1578 Banister Hist. Man iv. 45 b, The extreme Suture of the iugall bone. 1615 Crooke Body of Man 498 The Sagittall suture or seame. a 1631 Donne Crosse 56 As the braine through bony walls doth vent By sutures, which a Crosses forme present. 1650 Bulwer Anthropomet. Pref., Thy Front towards the Coronal Suture rose. 1696 Aubrey Misc. (1857) Introd. p. xi, At eight years old I had an issue (natural) in the coronall sutor of my head. c 1720 W. Gibson Farrier's Guide i. vi. (1738) 78 The true Sutures are three in Number, and proper to the Skull only. 1817 Coleridge Zapolya Prelude i, The unclosed sutures of an infant's skull. 1859 Darwin Orig. Spec. vi. (1873) 158 Sutures occur in the skulls of young birds and reptiles. 1871Desc. Man I. iv. 124 In man the frontal bone consists of a single piece, but in the embryo and in children,..it consists of two pieces separated by a distinct suture.

   b. (See quots.) Obs.

1656 Blount Glossogr., Suture,..the line under the yard of a man. 1688 Holme Armoury ii. xvii. 381/2 The Suture of the Pallate, is the Seam in the bone in the Roofe of the Mouth. 1725 Fam. Dict. s.v. Lithotomy, The Suture of the Perinæum.

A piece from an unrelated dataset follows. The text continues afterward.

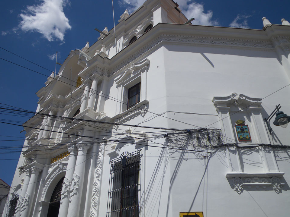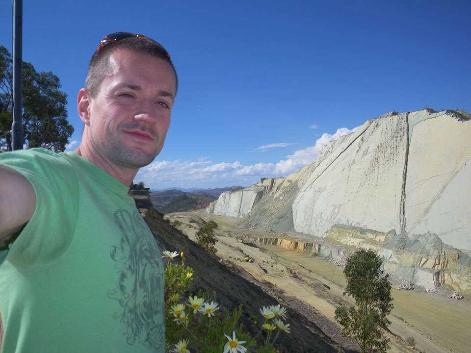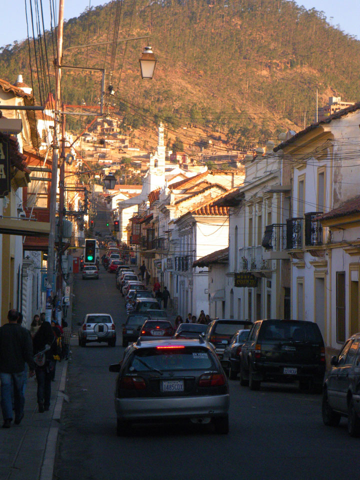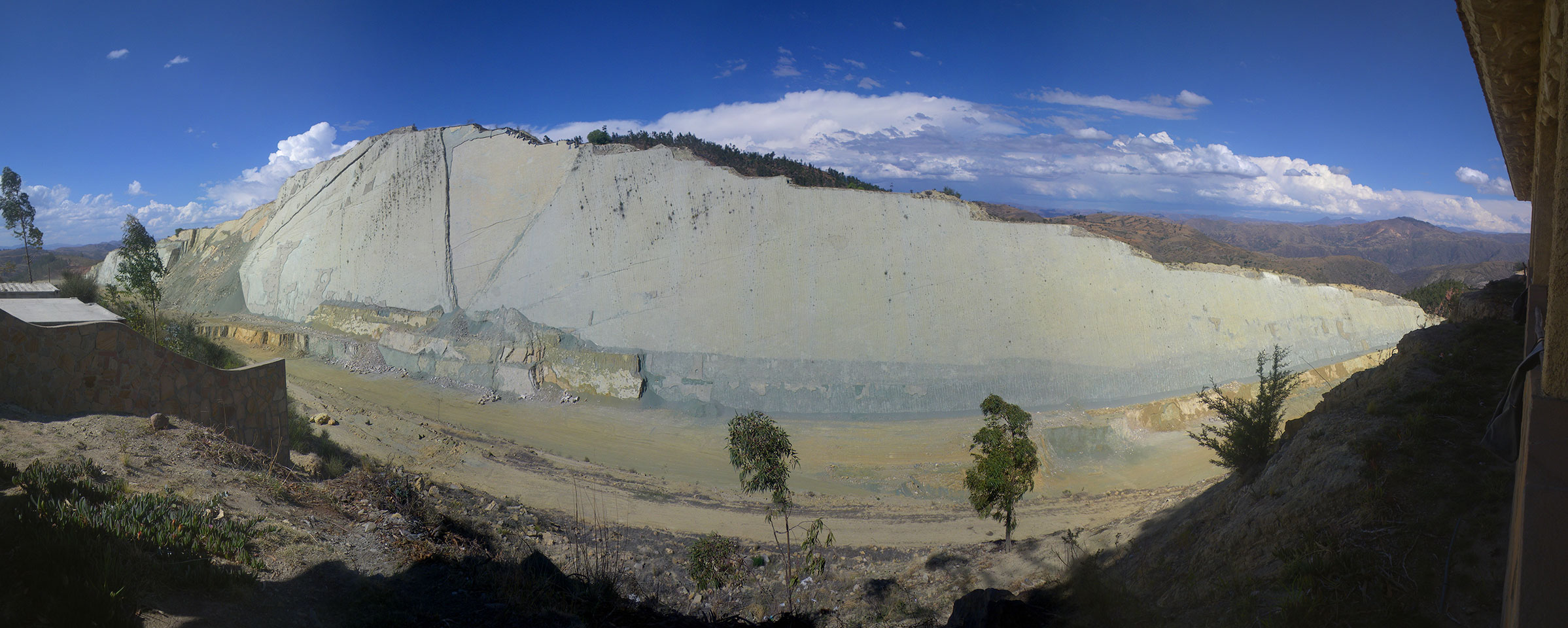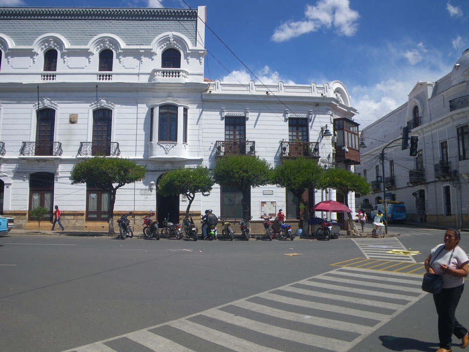 Mit dem langsamen Internet machte ich Schluss und ging 14:00 zum 25 Mayo Platz für die Dinosaurier-Tour. Hier in Sucre gibt es Fußabdrücke von Dinos, die auf einem halb-trockenen Seeboden verewigt wurden. Durch die Tektonik ist das jetzt eine Wand und das wollte ich sehen.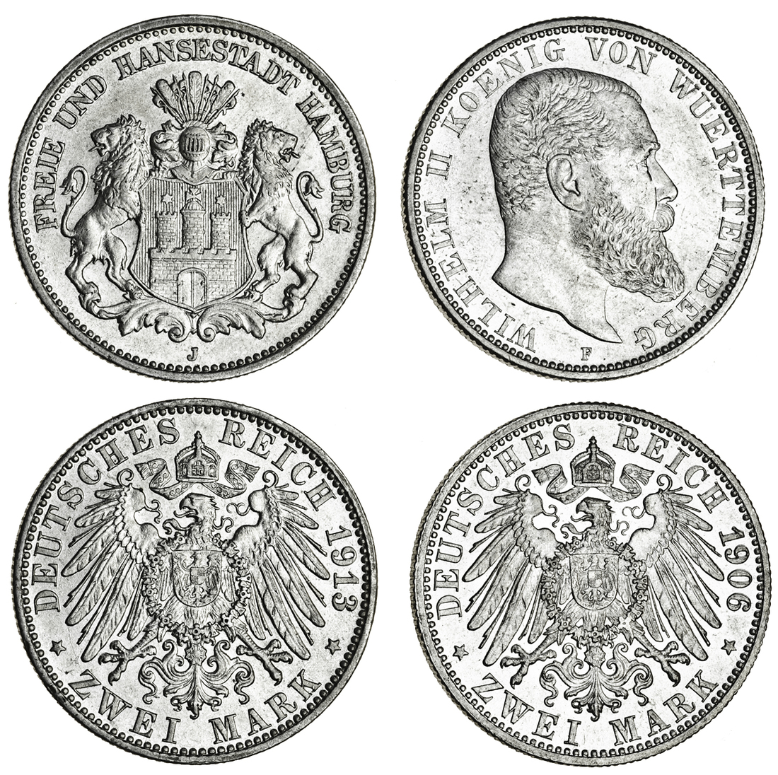 Germany, Hamburg, 2-Mark, 1913 J, Württemberg, 2-Mark, 1906 F (KM 294, 631), both good extremely fine (2)

  3. Zool. and Bot. The junction, or (more freq.) the line of junction, of contiguous parts, e.g. the line of closure of the valves of a shell, the seam where the carpels of a pericarp join, the conflux of the inner margins of elytra, the outline of the septa of the shell of a tetrabranchiate cephalopod.

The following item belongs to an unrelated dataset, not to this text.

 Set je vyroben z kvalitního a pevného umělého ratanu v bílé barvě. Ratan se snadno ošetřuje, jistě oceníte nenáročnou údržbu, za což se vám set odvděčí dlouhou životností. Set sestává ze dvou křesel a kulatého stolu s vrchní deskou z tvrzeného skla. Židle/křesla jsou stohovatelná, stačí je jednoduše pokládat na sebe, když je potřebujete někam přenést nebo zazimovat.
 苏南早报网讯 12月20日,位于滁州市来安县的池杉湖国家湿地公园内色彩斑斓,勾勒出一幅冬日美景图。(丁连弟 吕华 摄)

1677 Plot Oxfordsh. 108 The whole body of the stone [i.e. fossil shell]..divided by Sutures,..resembing the leaves of Oak. 1695 Woodward Nat. Hist. Earth (1723) 24 The same Sutures,..whether within or without the Shell. 1760 J. Lee Introd. Bot. i. vi. (1765) 13 The Seeds are fastened along both the Sutures or Joinings of the Valves. 1769 Pennant Brit. Zool. III. 1 Body covered either with a shell or strong hide, divided by sutures. 1785 Martyn Lett. Bot. iii. (1794) 40 The silique opens from the bottom upwards by both sutures. 1826 Kirby & Sp. Entomol. IV. xlvii. 368 The straight suture by which the elytra are united. 1851 Woodward Mollusca i. 101 The line or channel formed by the junction of the whirls is termed the suture. 1880 A. Gray Struct. Bot. vi. §6. (ed. 6) 252 For the discharge of the pollen, the cells..open..by a line or chink,..the suture or line of dehiscence.


attrib. 1894 Geol. Mag. Oct. 435 The shell is somewhat distorted... Its suture-line cannot be made out.

  4. Geol. In plate tectonics, the junction or line of junction formed by the collision of two lithospheric plates.

1971 Nature 18 June 418/2 Within the present continents these are several linear belts of distinctive oceanic and geosynclinal deposits which apparently mark the boundaries (sutures) between once separated continents. 1977 Sci. Amer. Apr. 32/1 Most of the sutures in Eurasia appear to be older than 200 million years.

  Hence ˈsuture v. trans., (a) to secure with a suture, to sew or stitch up; (b) Geol., to join (lithospheric plates) by means of a suture; often const. together; ˈsutured ppl. a., sewn together; ˈsuturing vbl. n.

1777 Pennant Brit. Zool. IV. 57 Echinus. Body covered with a sutured crust. 1878 Masque Poets 215 From the first skiff of sutured skins or bark To the three-decker with its thundering guns, The thing developed. 1886 Amer. Jrnl. Philol. July 233 According to Fick, the present text of the Iliad..is sutured together out of the following pieces. 1890 Retrospect Med. CII. 306 By suturing the serous surfaces over the anterior margins of the plates by a few stitches of the continued suture. Ibid. 314 The suturing of the mucosa..is one of the steps of the procedure. 1904 Brit. Med. Jrnl. 24 Dec. 1682/2 In suturing up the wound I have again followed Kelly. 1970 Nature 14 Nov. 659/1 If..continents are being joined, their suturing prevents further relative motion between the plates on which they ride. 1976 B. E. Hobbs et al. Outl. Structural Geol. x. 468 Depositional sites that are subsequently ‘sutured’ together by convergent plate motion. 1977 Sci. Amer. Apr. 32/1 When two continents collide, they suture themselves together to form a larger continent. 1979 Nature 6 Dec. 608/2 The act of complete suturing could trap basaltic crust and supracrustals between the two masses.